ГЛАВА 2

[1] [2] [3]

ГЛАВА 2

Так было это, значит, в порту… ну, допустим, в порту С. И сказал бы, да не могу, честное слово! Не просите.

«Дед» наш тогда только что получил свою первую большую посуду: теплоход «Кимовец», пять тысяч шестьсот тонн, ход тринадцать узлов [6], ленинградской постройки.

До этого «дед» ходил старпомом [7] на «Советской республике» и порядочно-таки полазил по морям. Но тут он впервые пошел в заграничное плавание настоящим и полным «капитаном».

А это, товарищи, не шутка – капитан дальнего плавания: четыре золотые нашивки на рукаве, хозяин большой посуды и команда в тридцать пять человек.

Я не помню, говорил ли я вам, что «деду» нашему и сейчас-то будет годочка этак тридцать два. А тогда он совсем был мальчонка, хотя ребята на берегу называли его уже «старый комсомолец», а на судне сразу определили «дедом». Так уж величают у нас каждого уважаемого капитана в каждой уважающей себя судовой команде.

А нашего молодого «деда» быстро оценили. Сразу всем понравился он – веселый, всегда нарядный, всегда свежий, словно сейчас из ванны, чистенький до блеску, шутит серьезно, а кругом все за животы хватаются. Зато в тяжелую минуту, когда у всех носы в люк смотрят, сам смеется как ни в чем не бывало.

Посуду ему дали, признаться, запущенную. На палубе ржавчина, план по грузу в загоне. А он в один месяц так все отскоблил и надраил, что не узнать стало теплохода – как новенький! И по выполнению плана на Черном море «Кимовец» стал вылезать на первые места. И уже поговаривали, что быть переходящему знамени у «Кимовца».

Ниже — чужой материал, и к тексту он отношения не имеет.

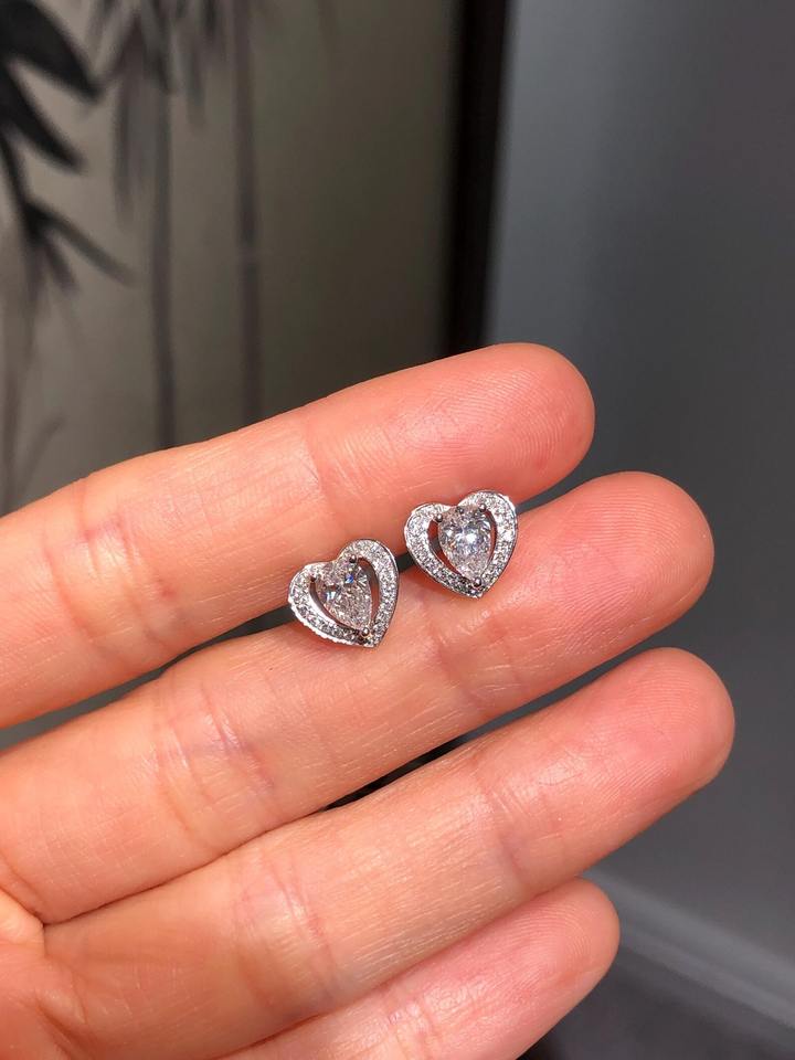 Élégantes boucles d'oreilles en forme de cœur avec diamants de laboratoire, or blanc 14 carats, accent de diamant poire, bijoux fins pour femmes

Но тут «дед» пошел на своем «Кимовце» со срочным грузом в дальнее плавание. Везли тогда они клепку, линтер [8], желуди, соленую рыбу.

День в день, час в час пришли под С. А место это, доложу я вам, чудесное. Хоть и жарковато. Волна мягкая, такая голубая, как будто сюда само небо натекло. Но небо от этого не вылиняло, а еще синее сделалось, словно сполоснутое. По берегу, у самого края, – дворцы, словно сахарные; легкий прибой лижет и посасывает их, и они вот-вот подтают в теплой водице. Бульвар – сплошные пальмы, такие тенистые, что под каждой собственные сумерки в самый полдень.

Я там не раз бывал. И хоть «дед» это место вспоминать не любит, все же, уверяю вас, есть там что вспомнить.

Ну-с, как полагается, подняли лоцманский флаг, приняли лоцмана, вошли за волнорез [9], стали на внутреннем рейде.

Подошел катер. Начали оформляться.

Пока чиновник в тропическом белом шлеме возился с документами в кают-компании, а на парадном трапе сновали вверх и вниз голые туземные полисмены с кобурой на трусиках, к борту подошел еще один катер: белый весь, узкий, медяшка надраена, как солнце, на корме полотняный тент с фестончиками.

Высокий, очень прямой человек, с лиловыми мешочками под глазами, с выгоревшими бровями и подкрашенными черными усиками, легко соскочил с палубы катера на нижнюю ступеньку трапа и взбежал наверх. Полисмены отдавали ему честь, приветливо улыбаясь, как давнишнему знакомому:

– О, Грзмкавэй… синьоре Грэмкавэй!

Высокий, небрежно отмахиваясь, прошел по палубе и поднялся на мостик. Был он в движениях легок, жесты у него были короткие, как бы отрывистые, и казалось, что заговори он – фразы у него будут жесткие, краткие.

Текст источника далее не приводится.